INSTRUCTIONS FOR THE TASK:
Only the lines from the one that contains "Technické údaje: Výška: 1216" through the end of the entries, both included, should be transcribed, exactly and without pictures.

EXERCISE INPUT:
= = = = =

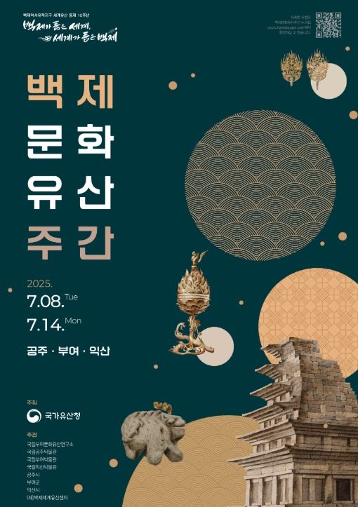 국가유산청과 부여군, 공주시, 익산시, 국립박물관 등 9개 기관이 함께 추진하는 ‘백제문화유산주간’은 올해 백제역사유적지구의 세계유산 등재 10주년을 기념하여 ‘백제가 품은 세계, 세계가 품은 백제’를 테마로 다채로운 프로그램을 제공할 예정이다.
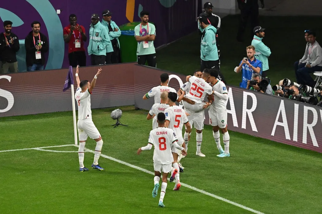Morocco's midfielder #11 Abdelhamid Sabiri (back) celebrates teammates after he scored his team's first goal during the Qatar 2022 World Cup Group F football match between Belgium and Morocco at the Al-Thumama Stadium in Doha on November 27, 2022.,Image: 740505833, License: Rights-managed, Restrictions: , Model Release: no
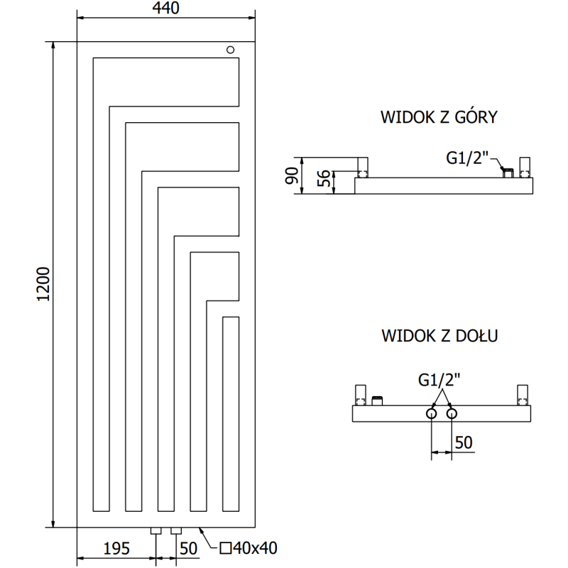 Technické údaje: Výška: 1216 mm Šířka: 440 mm Hloubka: 56 mm Rozteč připojení: 5 cm Barva: Černá RAL 9005 Materiál: Ocel Hmotnost: 12 kg Reakce na oheň: A1 Provozní teplota: max. 95 °C Maximální provozní tlak: 0,6 MPa Topný výkon: - 75/65/20 °C - 542 W Připojení: - 2xG ½″ střední Vysoce kvalitní, odolný nátěr odolný proti korozi Sada obsahuje: závěsy, montážní sadu, záslepky a odvzdušňovací otvor
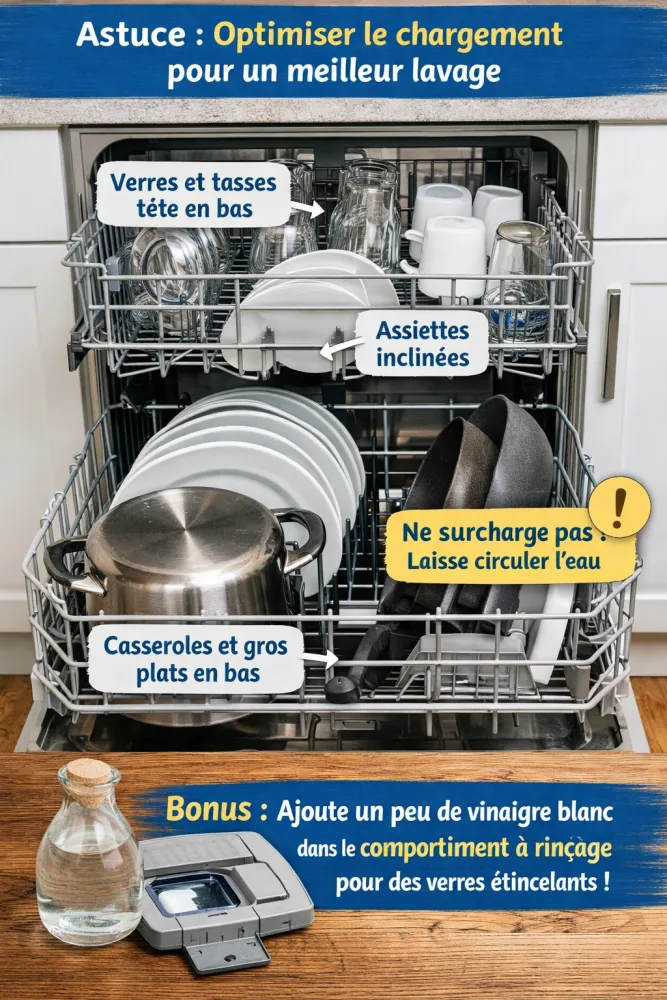 Les Couverts : Si vous avez un panier, placez les manches vers le bas. Mélangez les types de couverts pour éviter qu'ils ne "s'emboîtent" (ce qui empêche l'eau de passer).
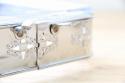 サファイアブルーの美しい色合いと浮き出たフィルビー柄のエンボスが高級感を演出してくれます。「フィルビー」のシリーズ名は、かつてアンカーホッキング社の工場員だったフィルビー(Mr.Phill Bee)さんの名前が由来だそうです。
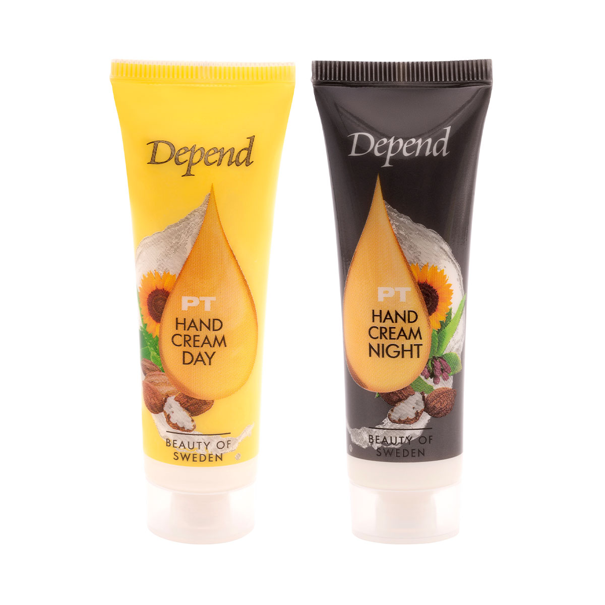 Torra, spruckna händer? Mjukgör och återfukta med specialcreme för både dag och natt. En praktisk reseprodukt som tar liten plats, både i necessären och i handväskan. Mjukgörande och återfuktande handcreme för både dag och natt i praktisk reseformat. Daghandcremen absorberas snabbt av huden och ger mjuka, silkeslena och väldoftande händer. Berikad med Aloe Vera, E-vitamin, solrosolja, sheabutter och kakaosmör. Natthandcremen är rik, fyllig och ger intensivvård under din skönhetssömn. Berikad med Aloe Vera, Allantoin, E-vitamin, sheabutter och solrosolja som vårdar, skyddar och återfuktar dina händer. 30 ml.
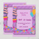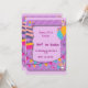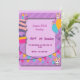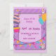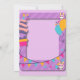 a vibrant purple-themed card featuring festive illustrations of a tiered cake, balloons.
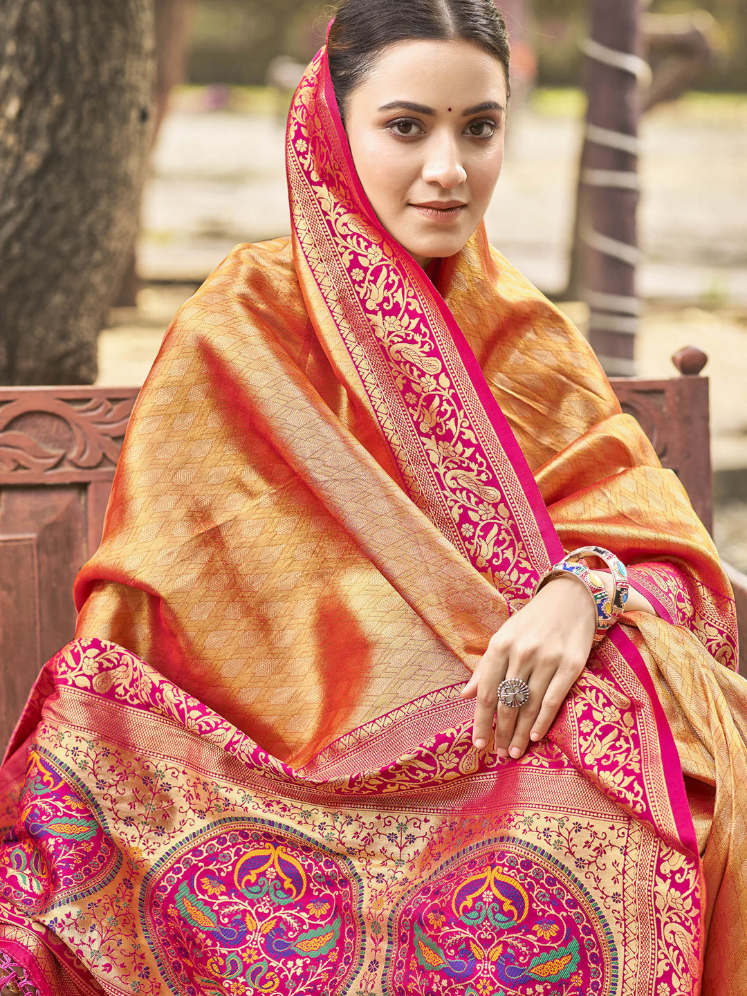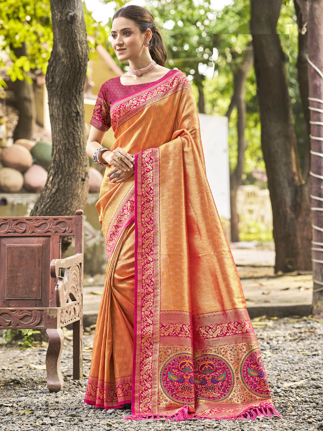 Orange color Saree in Kanjeevaram Silk fabric with Weaving work
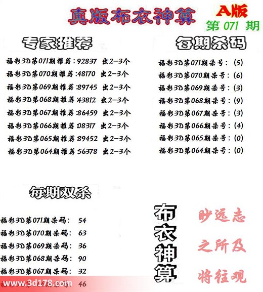 3d之家布衣图库之布衣神算图第2022071期详解:

= = = = =

RESPONSE TO THIS EXERCISE:
 Technické údaje: Výška: 1216 mm Šířka: 440 mm Hloubka: 56 mm Rozteč připojení: 5 cm Barva: Černá RAL 9005 Materiál: Ocel Hmotnost: 12 kg Reakce na oheň: A1 Provozní teplota: max. 95 °C Maximální provozní tlak: 0,6 MPa Topný výkon: - 75/65/20 °C - 542 W Připojení: - 2xG ½″ střední Vysoce kvalitní, odolný nátěr odolný proti korozi Sada obsahuje: závěsy, montážní sadu, záslepky a odvzdušňovací otvor
 Les Couverts : Si vous avez un panier, placez les manches vers le bas. Mélangez les types de couverts pour éviter qu'ils ne "s'emboîtent" (ce qui empêche l'eau de passer).
 サファイアブルーの美しい色合いと浮き出たフィルビー柄のエンボスが高級感を演出してくれます。「フィルビー」のシリーズ名は、かつてアンカーホッキング社の工場員だったフィルビー(Mr.Phill Bee)さんの名前が由来だそうです。
 Torra, spruckna händer? Mjukgör och återfukta med specialcreme för både dag och natt. En praktisk reseprodukt som tar liten plats, både i necessären och i handväskan. Mjukgörande och återfuktande handcreme för både dag och natt i praktisk reseformat. Daghandcremen absorberas snabbt av huden och ger mjuka, silkeslena och väldoftande händer. Berikad med Aloe Vera, E-vitamin, solrosolja, sheabutter och kakaosmör. Natthandcremen är rik, fyllig och ger intensivvård under din skönhetssömn. Berikad med Aloe Vera, Allantoin, E-vitamin, sheabutter och solrosolja som vårdar, skyddar och återfuktar dina händer. 30 ml.
 a vibrant purple-themed card featuring festive illustrations of a tiered cake, balloons.
 Orange color Saree in Kanjeevaram Silk fabric with Weaving work
 3d之家布衣图库之布衣神算图第2022071期详解:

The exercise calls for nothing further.